Hi, what are the differences between the 4 trims? base, touring, track and 1 more i forgt.


----------



## WATSON1 (Jul 9, 2005)

There are actually 5. Base, track, enthusiast, touring, and grand touring. The differences between them for the most part is factory options. The base is, well, base. Track has different brakes and suspension, touring has navi and leather, grand has a 10" sub. Those are just a few I know off the top of my head, a dealer could give you some brochures on the Z that explains all the differences. Most of the stuff I mentioned is available on any model at a price...


----------



## chimmike (Oct 17, 2002)

base: no lsd, no tcs or vdc, some other so so stuff.
enthusiast/touring/performance= TCS and viscous limited slip.
track/anniversary= brembos, VDC, limited slip.

other stuff varies from stereo options to side airbags, etc. My enthusiast has side curtain and seat airbags, TCS, limited slip


----------



## CantWaitTillIdrive (Apr 28, 2006)

ooo.what are the hp/torque and weight differences?


----------



## WATSON1 (Jul 9, 2005)

CantWaitTillIdrive said:


> ooo.what are the hp/torque and weight differences?

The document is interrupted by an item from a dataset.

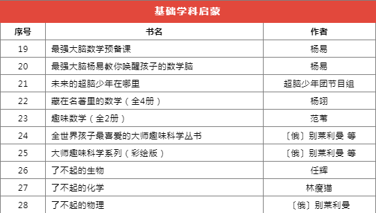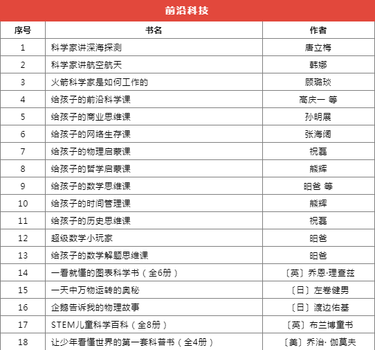 推荐书目种类繁多,分为前沿科技、基础学科启蒙、自然科学、家庭教育等十个类别,共计173本(套)。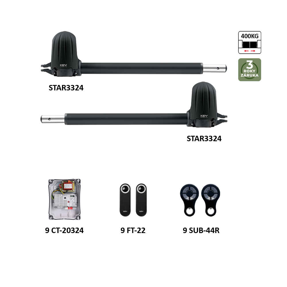 900KSTAR3324KS sada je ideálna pre automatizáciu vašej existujúcej dvojkrídlovej brány s maximálnou dĺžkou jedného krídla do 3 m.

Almost all the same, with the exception of the new "rev up" motor. Higher HP and lower TQ. Also small difference in the MT v. Auto


----------



## chimmike (Oct 17, 2002)

the higher the trim, the heavier it is. the older models were lighter and the 06s are really gettin piggly.

hp/tq differences, none until 05 when the 35th anniversary and track models came with the "revup" motor which is 300hp but less torque than the normal motor. Apparently n/a it's not really better than the non-revup, except it revs to 7k whereas the normal motor doesn't. 

also the revups seem to make 35-40 more whp under boost than the non-revup. Mainly due to the variable exhaust cam timing and higher revs.


----------